Одичалые вены дорог,
погодите, не рвитесь!
Может быть, размотает клубок
заблудившийся витязь?
 
 
Он бежит и бежит в никуда —
только б снам его сбыться.
Он встречает Любовь иногда
лишь затем, чтоб проститься.
 
 
И Любовь умирает одна
на обочине грязной.
Вновь и вновь наступает весна
чередой неотвязной.
 
 
И однажды Любовь оживет,
чтобы ждать и молиться…
Через тысячу лет он придет,
скажет: «Дай-ка водицы».
 
 
На дороге оставит копье,
выпьет за возвращенье,
поцелует в ладони ее
и попросит прощенья.
 

45

   Прилетаю в Москву заранее, вечером четырнадцатого апреля. Сюрпризом. К тому же, план убийства гада Самсонова, разработанный Геничкой, надо прикинуть на местности, а это требует свободы маневра. Открываю двери в долькину квартиру (код мне известен), в прихожей посторонние одежды — у Долли гости. Забавно, обычно она никого не впускает, кроме меня и Катюхи. Тихонько раздеваюсь, прохожу в гостиную — сидят лицом ко мне на софе мамочка и отчим. Меня пока не замечают, Долли тоже меня не видит, она в кресле, стоящем спинкой к дверям. Родственнички пялятся друг на друга и молчат.
   Между ними — небезызвестная каталка имени братьев (или чего похуже) Синих, утыканная посудинками.
   Все ясно: Долли впала в амплуа хозяйки дома. Мамочка краем глаза зрит-таки постороннее шевеление, вздымает очи, утыкается в отвратительно знакомую физиономию. Даму неэстетично передергивает. Я раскланиваюсь:
   — Добрый вечер, Аморизада Глебовна, Лев Панкратович.
   Долька визжит, катапультируется из кресла, прыгает на меня. Падаем на пол.
   — И тебе привет, — добавляю задушенно, но вежливо. — Ты слазить собираешься?
   — Нет. Плати выкуп. Где мой подарок?
   — Ничего не знаю. День рождения завтра — и подарок завтра. Заранее не дарят.

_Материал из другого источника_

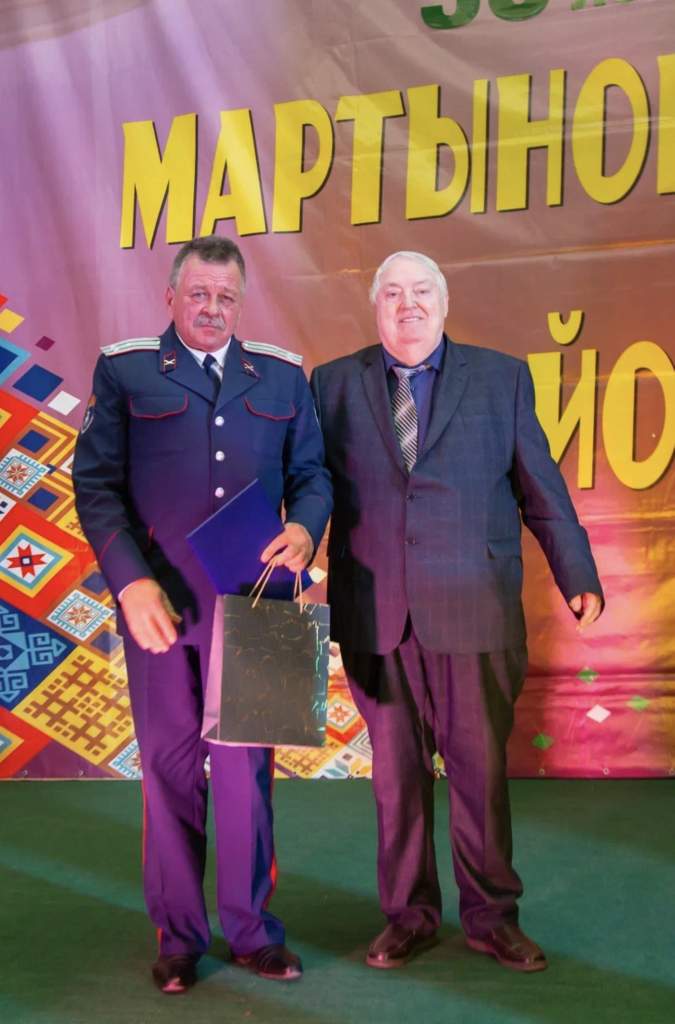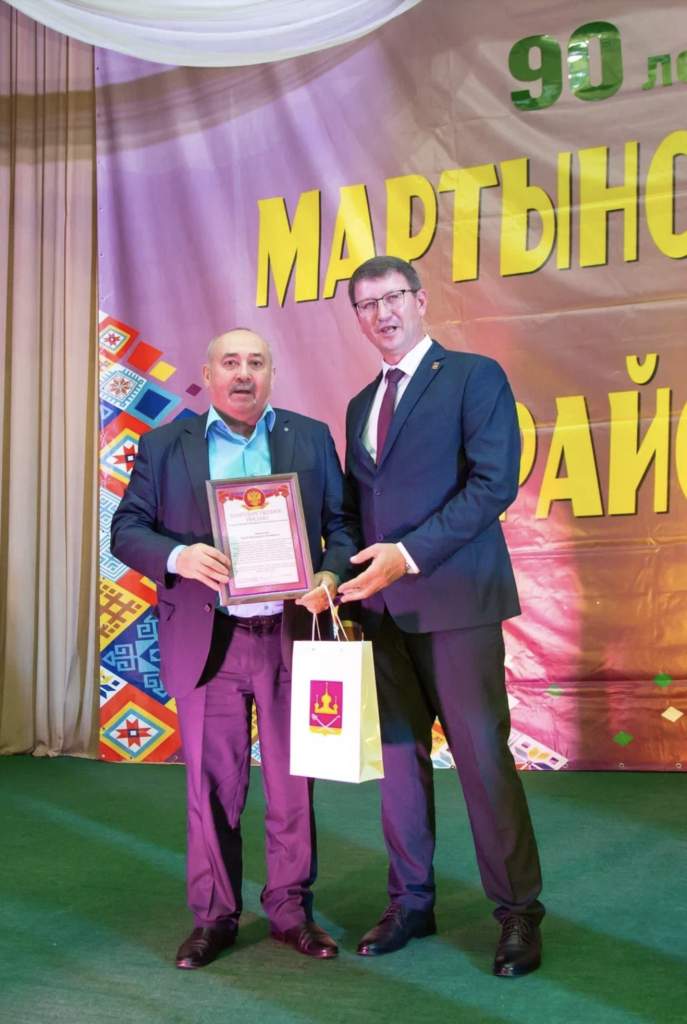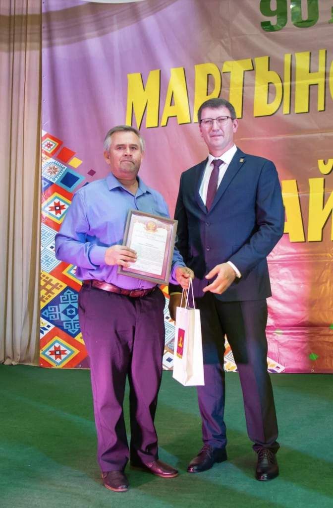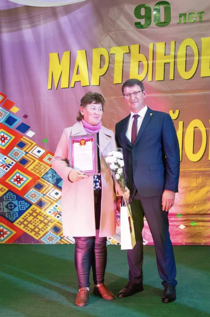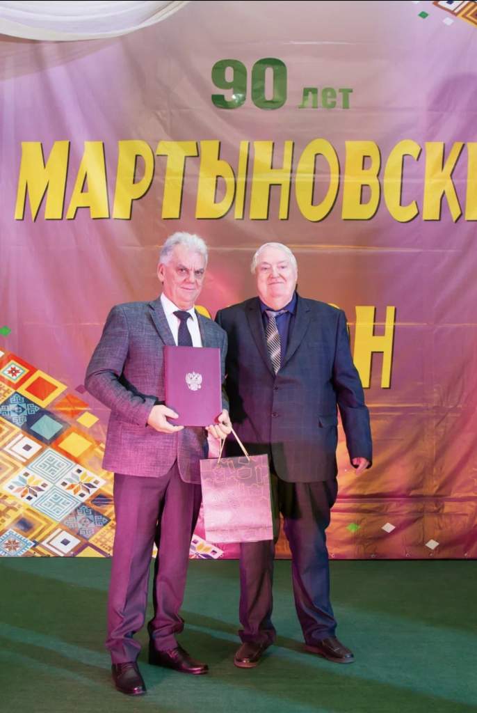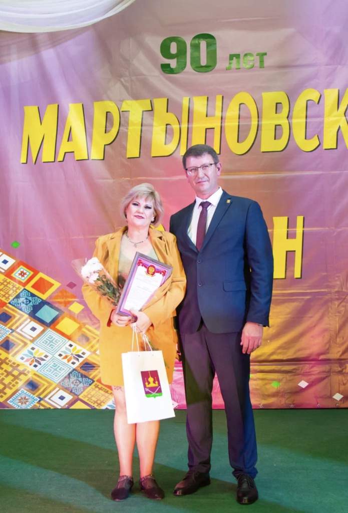 Благодарственные письма главы Администрации Мартыновского района «За многолетний добросовестный труд, личный вклад в социально-экономическое развитие Мартыновского района и в связи с празднованием 90- летнего юбилея со дня образования Мартыновского района» награждены: Христенко В. Г. – пенсионер, ровесник Мартыновского района, родился в 1935 году; Игришин В.А. – председатель Собрания депутатов — глава Большеорловского сельского поселения; Федосеева В.П. – пенсионер, ранее занимала должность председателя Большеорловского сельского совета; Рязанова М. В. — ведущий специалист администрации Комаровского сельского поселения; Мазницына Л.Н. – пенсионер, ранее занимала должность финансиста в администрации Новоселовского сельского поселения; Воробьева Е.Н. — директор ГБУ СОН Ростовской области «Социально-реабилитационный центр для несовершеннолетних сл. Большая Мартыновка»; Шевченко А.П. — начальник Управления социальной защиты населения Администрации Мартыновского района; Астахов А. А. — слесарь по эксплуатации и ремонту подземных газопроводов-4 разряда, филиала ПАО «Газпром газораспределение Ростов-на-Дону» в г.Семикаракорске Мартыновский районный газовый участок; Булько А. А. — электромонтер по эксплуатации распределительных сетей 5 разряда Мартыновского РЭС производственного отделения «Восточные электрические сети» филиала ПАО «Россети Юг»– «Ростовэнерго»; Парасоцкий А. Г. — главный инженер МУП ЖКХ «Мартыновское»; Переверзев А. В. — начальник участка МУП ЖКХ «Мартыновское»; Котелевская Н. А. – ведущий инспектор центра занятости населения Мартыновского района; Лозина М. А. – социальный работник муниципального бюджетного учреждения «Центра социального обслуживания граждан пожилого возраста и инвалидов» Мартыновского района; Василевич Е. П. — социальный работник муниципального бюджетного учреждения «Центра социального обслуживания граждан пожилого возраста и инвалидов» Мартыновского района; Алферов В. И. – пенсионер, ранее занимал должность аккомпаниатора МАУК «КДЦ-Южный»; Краснощеков И. И. — преподаватель Детской школы искусств Мартыновского района; Савченко В. П. – пенсионер, ранее занимал должность концертмейстера-аккомпаниатора народного хора «Сельская забава»; Репатов Х. Р. – инспектор — методист Муниципального казенного учреждения «Центра финансово-хозяйственного и организационно-методического обеспечения Мартыновского района»; Корпусенко Н. Н. – тренер-преподаватель Муниципального бюджетного образовательного учреждения дополнительного образования спортивной школы Мартыновского района и учитель физической культуры Муниципального бюджетного образовательного учреждения средней образовательной школы № 1 сл.Большая Мартыновка; Тимохов С. Н. — индивидуальный предприниматель глава крестьянского(фермерского)хозяйства Тимохов С.Н.; Рябухин Ю. Г. — председатель кооперативного хозяйства «Успех Агро»; Никульченко Ю. В. — генеральный директор АО «Антра- цит-А» Домогатский Д. В. — генеральный директор ООО «Комаровское»; Дмитренко С. М. — пенсионер, ранее исполнительный директор АО «Цимлянский»; Бундуки М. И. — директор ООО «Неман»; Костенков А. М. — исполнительный директор ИП Ермоченко В.Н.; Шишканов Н. И. — директор ООО «Сириус»; Трегубова Т. Л. — глава крестьянского хозяйства «Ника» и дирек-

   — А мне дарят. Мама, например. Давай, а то не отпущу.
   — Ничего не выйдет. Я его специально в камере хранения оставила, в аэропорту. Завтра заберем.
   — Хоть скажи, что это? — Долли разочарованно скатывается с меня, подымается, подает руку.
   — Сама не знаю, — отвечаю я, почти не покривив душой. — Вручу — ты и разбирайся.
   Долька усаживает меня в кресло, втискивается рядом, обнимает, кладет голову на плечо, гладит мое колено. Мамочка синеет, но терпит. У отчима бурчит с голодухи под полосатым пиджаком — у Дольки не разъешься. Рушу стену молчания:
   — Надо же! Вломилась на семейный праздник, расстроила идиллию. Как там? Традиционный именинный пирог, бутылочка винца, трогательные сюрпризики, добрые лица любящих родственников и прочая пасторальная чушь? Покорнейше прошу простить!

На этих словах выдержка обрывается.